── Supplied data

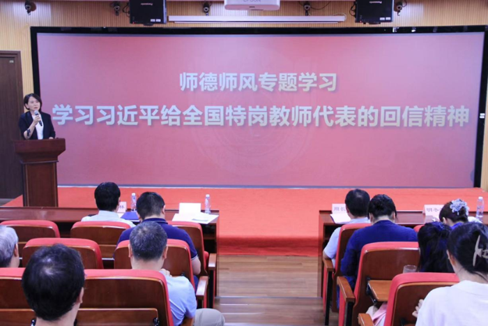 随后学院开展了师德师风专题学习,学习习近平总书记给全国特岗教师代表回信精神,张颖书记强调要“守初心、强使命”:一是要“守初心”,要求各位教师坚守育人初心,守好讲台站好讲台,树立“以德施教、以德立身”的道德高线;二是要“强使命”,抓住人工智能发展机遇,聚焦科技前沿,提高育人本领,落实到教学、科研与人才培养中,实现教学与科研的相互促进、双向赋能。
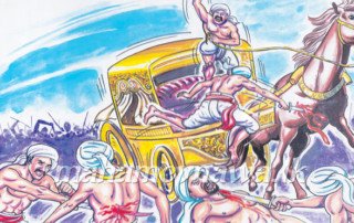 ආජානේය අශ්වයෝ දෙන්නා යුද ඇඳුමෙන් සරසවා රථයේ යෙදෙව්වා. මහා යෝධයාත් සන්නාහයෙන් සන්නද්ධව රථයට නැංගා. එක එක බලකොටුවට කඩාපැන්නා. සයවෙනි රජාව අල්ලාගත් වේලේ වැඩිමහල් අශ්වයා මාරාන්තික සතුරු ප්රහාරයකට ලක්වුනා. නමුත් අශ්වයා ලේ වැගිරෙද්දි රථය ප්රමාද කළේ නෑ. රජ මිදුලට ම ආවා.
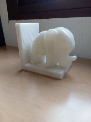 Este sujetalibro tiene forma de elefante y libro. Es ideal para decorar tu estantería. - Hechos de mármol blanco. Tiene unas pequeñas rozadura ( ver en foto) Precio negociable Medidas: 17 x 13,5x 10
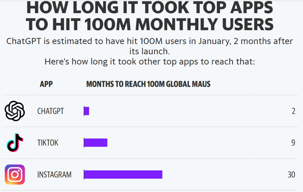 2022年12 月ChatGPT上線, 僅僅兩個月后,ChatGPT月活用戶突破1億,刷新了增長到月活1億用戶的最短時長,成為史上用戶增長速度最快的消費級應用程序。為何ChatGPT這么厲害,它的出現(xiàn)又會顛覆哪些傳統(tǒng)認知?
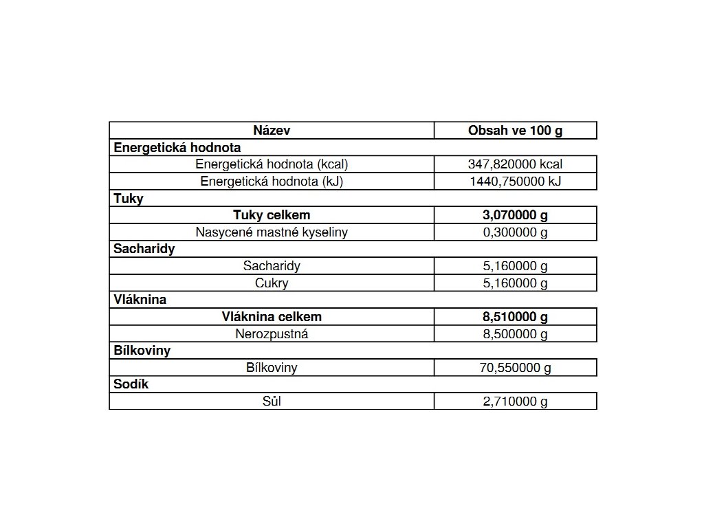 | Nutriční hodnota | Množství |
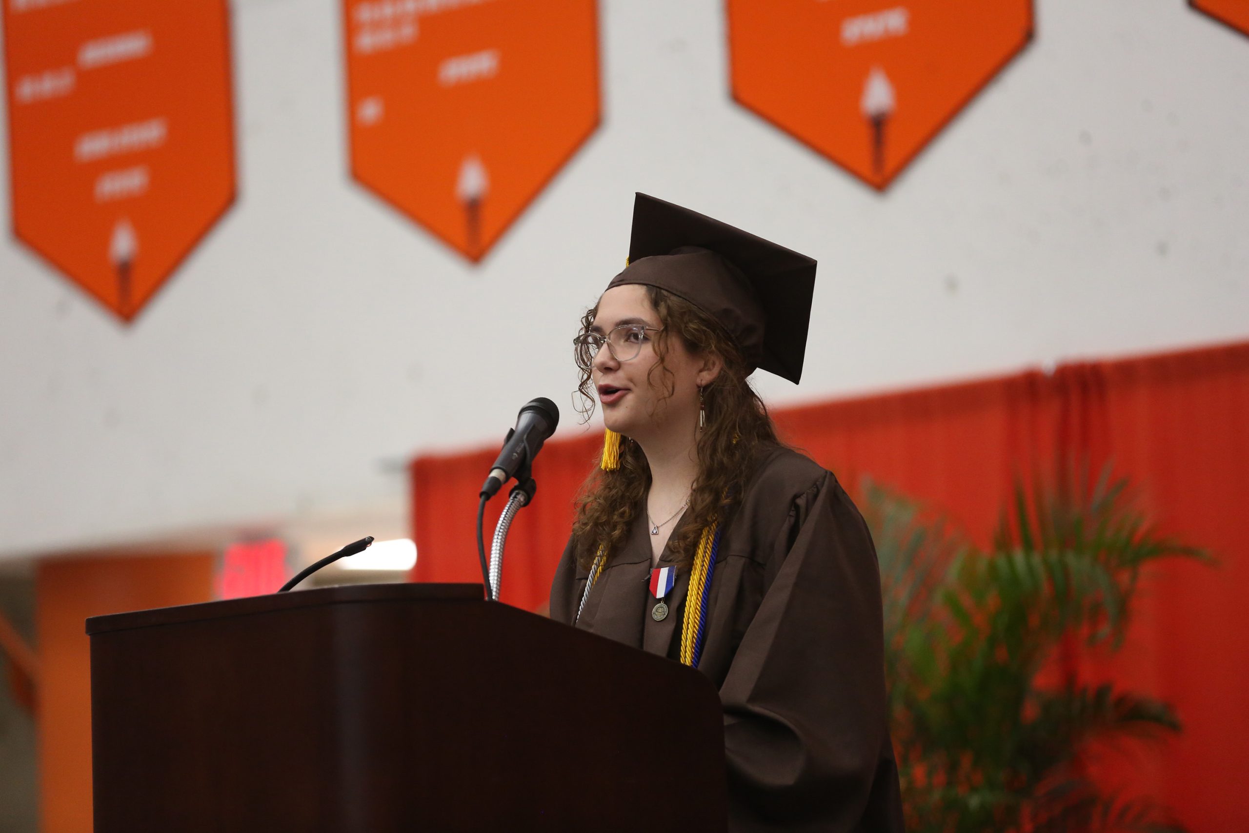 Carla Clark | For The Republic Erin Walters, salutatorian, speaks during the 51st Annual Commencement of Columbus East High School, Columbus, Ind., Saturday, May 25, 2024.
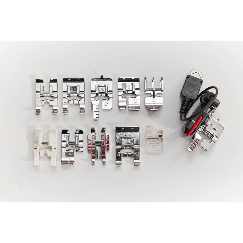 Ein umfangreiches Zubehörpaket für Quilter ist im Lieferumfang enthalten – von Linealen über Spezialfüße bis hin zum Verlängerungstisch.
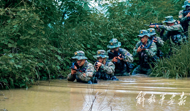 連續(xù)火力覆蓋后,“敵”兵力傷亡慘重。“各組注意,向‘?dāng)场v深發(fā)起沖擊!”戰(zhàn)斗進入白熱化,指揮員見時機成熟,迅速下達搶占要點指令。隨后,兩棲裝甲編隊通過岸上通路向縱深推進;數(shù)架直升機采取低空突防的方式抵近要塞,陸戰(zhàn)隊員快速索降;氣墊艇搭載全地形突擊車、輕型坦克突擊上陸;深入“敵后”的偵察小組發(fā)現(xiàn)“敵”指揮所后,迅即標記目標信息,通過某型信息終端引導(dǎo)炮兵實施火力摧毀……多兵力協(xié)同進攻,形成合圍態(tài)勢,成功奪占“敵”多個要點目標。

────

Print each entry exactly, leaving pictures out.

Response area:
 随后学院开展了师德师风专题学习,学习习近平总书记给全国特岗教师代表回信精神,张颖书记强调要“守初心、强使命”:一是要“守初心”,要求各位教师坚守育人初心,守好讲台站好讲台,树立“以德施教、以德立身”的道德高线;二是要“强使命”,抓住人工智能发展机遇,聚焦科技前沿,提高育人本领,落实到教学、科研与人才培养中,实现教学与科研的相互促进、双向赋能。
 ආජානේය අශ්වයෝ දෙන්නා යුද ඇඳුමෙන් සරසවා රථයේ යෙදෙව්වා. මහා යෝධයාත් සන්නාහයෙන් සන්නද්ධව රථයට නැංගා. එක එක බලකොටුවට කඩාපැන්නා. සයවෙනි රජාව අල්ලාගත් වේලේ වැඩිමහල් අශ්වයා මාරාන්තික සතුරු ප්රහාරයකට ලක්වුනා. නමුත් අශ්වයා ලේ වැගිරෙද්දි රථය ප්රමාද කළේ නෑ. රජ මිදුලට ම ආවා.
 Este sujetalibro tiene forma de elefante y libro. Es ideal para decorar tu estantería. - Hechos de mármol blanco. Tiene unas pequeñas rozadura ( ver en foto) Precio negociable Medidas: 17 x 13,5x 10
 2022年12 月ChatGPT上線, 僅僅兩個月后,ChatGPT月活用戶突破1億,刷新了增長到月活1億用戶的最短時長,成為史上用戶增長速度最快的消費級應用程序。為何ChatGPT這么厲害,它的出現(xiàn)又會顛覆哪些傳統(tǒng)認知?
 | Nutriční hodnota | Množství |
 Carla Clark | For The Republic Erin Walters, salutatorian, speaks during the 51st Annual Commencement of Columbus East High School, Columbus, Ind., Saturday, May 25, 2024.
 Ein umfangreiches Zubehörpaket für Quilter ist im Lieferumfang enthalten – von Linealen über Spezialfüße bis hin zum Verlängerungstisch.
 連續(xù)火力覆蓋后,“敵”兵力傷亡慘重。“各組注意,向‘?dāng)场v深發(fā)起沖擊!”戰(zhàn)斗進入白熱化,指揮員見時機成熟,迅速下達搶占要點指令。隨后,兩棲裝甲編隊通過岸上通路向縱深推進;數(shù)架直升機采取低空突防的方式抵近要塞,陸戰(zhàn)隊員快速索降;氣墊艇搭載全地形突擊車、輕型坦克突擊上陸;深入“敵后”的偵察小組發(fā)現(xiàn)“敵”指揮所后,迅即標記目標信息,通過某型信息終端引導(dǎo)炮兵實施火力摧毀……多兵力協(xié)同進攻,形成合圍態(tài)勢,成功奪占“敵”多個要點目標。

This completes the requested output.